Olathe saw anti-Asian hate crime in 2018 sports bar murder
It should not have taken this incident for us to write about the fear that Asian Americans across the country are feeling right now, especially after the recent murders in Atlanta, where six of the eight people killed in massage businesses were of Asian descent and seven were women.
Anti-Asian violence has spiked in the last year, and we should have, as Xu asked all of us to do, checked in on our Asian American friends before now, to say we stand with you and against not just the violence and the overt threats, but the kind of casual racism that Xu says he’s known all his life.
“There are lots of microaggressions — getting called Bruce Lee, or hearing ‘ching chong’ ’’ and other “fake Chinese noises.” Moronic, yes, but far from harmless.
When those Dr. Seuss books were pulled by the author’s estate for their racist images, more of the conversation was about “cancel culture” than about why these images needed canceling.
“I grew up in rural Missouri, and you learn to deal with it,” Xu said, usually by laughing it off.
That’s heartbreaking, and it’s on all of us to change that.
One of the things Xu tweeted on Friday, in response to the man’s remark that he probably had the coronavirus, was, “So yeah, thanks to President Trump for all the China Virus discourse over the last year.”
And unfortunately, it wasn’t only the former president who seemed to love to say “China” like it’s a curse word, with an accent apparently thrown in for grins. An official in Manhattan, Kansas, remarked a year ago that there wasn’t a lot of COVID-19 in the state because there aren’t that many Chinese people.
When he was Trump’s secretary of state, Kansan Mike Pompeo called COVID-19 the “Wuhan virus” and Missouri Sen. Josh Hawley has repeatedly tried to blame China for the pandemic, which makes no more sense than blaming Kansas for the influenza epidemic that happened to start there in 1918. The state of Missouri actually sued China in federal court last year.
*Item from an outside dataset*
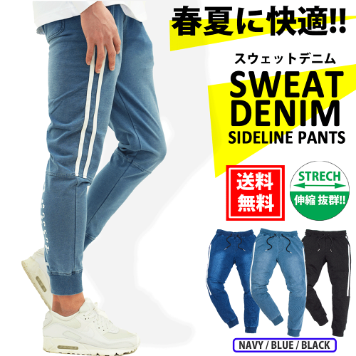 サイドライン切り替え カットデニム ジョガーパンツ セットアップ 可 ジョガーパンツ デニム 春服 【1万円以上お買い上げで Ron Herman ロンハーマン ミニタオル プレゼント!】伸縮 スウェット オシャレ 部屋着 ルームウェア M,L,XL SSS SSS

What Xu just experienced in a bar in Russell is the result of all of the above.
On Twitter, some people suggested that others in the bar should have stood up to the loudmouth. Xu said he’s glad that didn’t happen: “In Russell, Kansas, there’s a pretty high chance the guy was carrying,” and that might have escalated the situation.
But all of us who are bystanders to what’s aimed at Asian Americans on a regular basis do have a duty to intervene.
As the incident was playing out, what Xu was thinking about was not even so much the race-based murders in Atlanta as the race-based murder in a sports bar in Olathe in 2018. That, too, was a hate crime against Asians.
What happened in Atlanta not only could happen here, but already has.